◆ **Exercise brief**:
Please restate, exactly, only the lines from the beginning of the listing below through the line containing "Sukienka damska Jonata", with the pictures left out.

━━━━━ Information shown

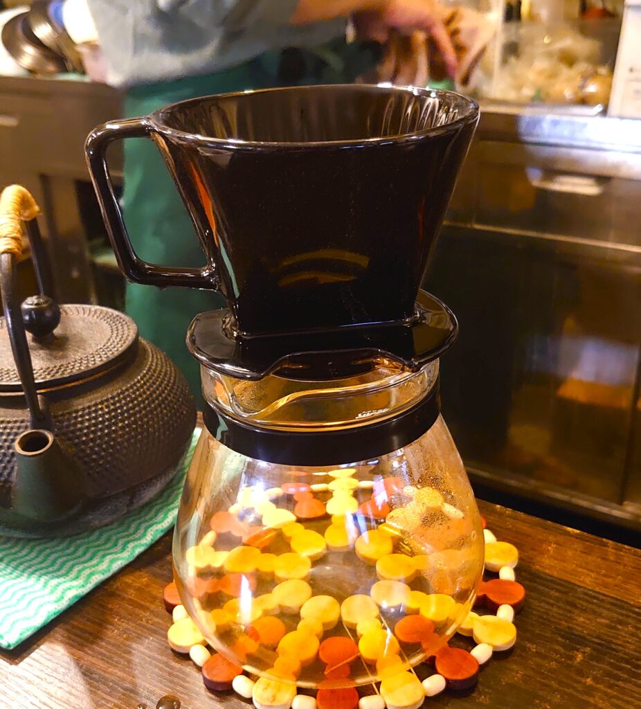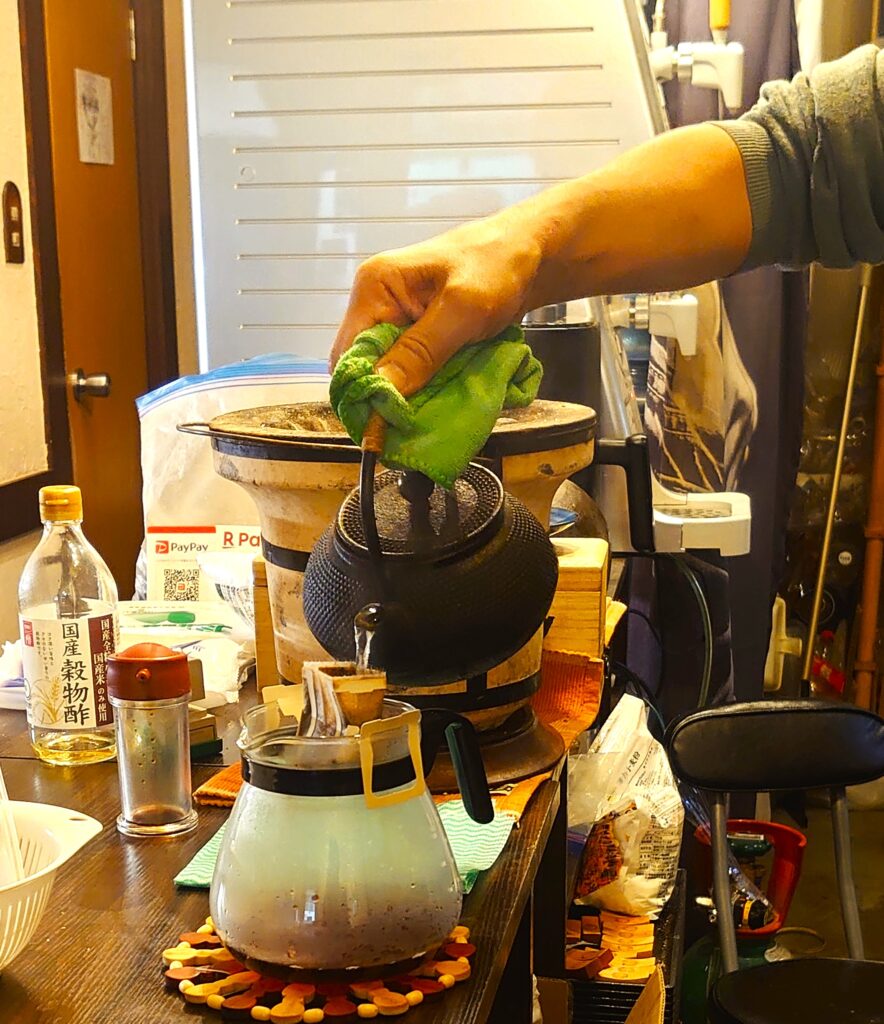 店主が「体にいいものを」と選んだのは、ドリップポッドではなく鉄瓶。
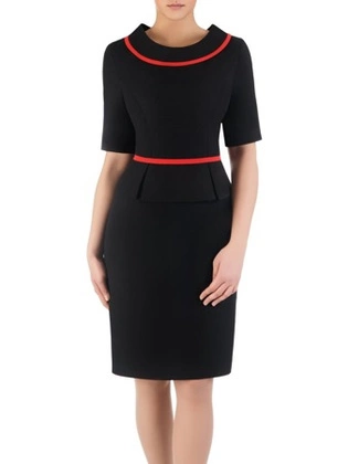 Sukienka damska Jonata II, czarna kreacja z kołnierzem i baskinką.
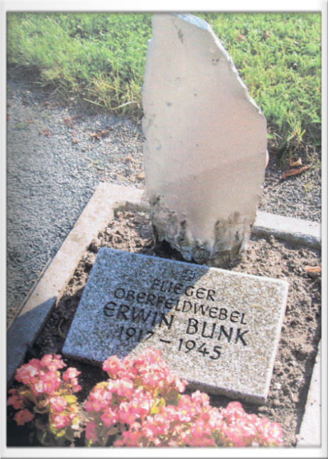 Grab des Piloten Oberfeldwebel Erwin Bunk von der IV. Gruppe des Jagdgeschwaders 301 auf dem Friedhof von Heimboldshausen, auf dem Grab ein Teil des Probellers seiner Me Bf 109 G-6.

━━━━━━━━━━

◆ **Expected answer**:
 店主が「体にいいものを」と選んだのは、ドリップポッドではなく鉄瓶。
 Sukienka damska Jonata II, czarna kreacja z kołnierzem i baskinką.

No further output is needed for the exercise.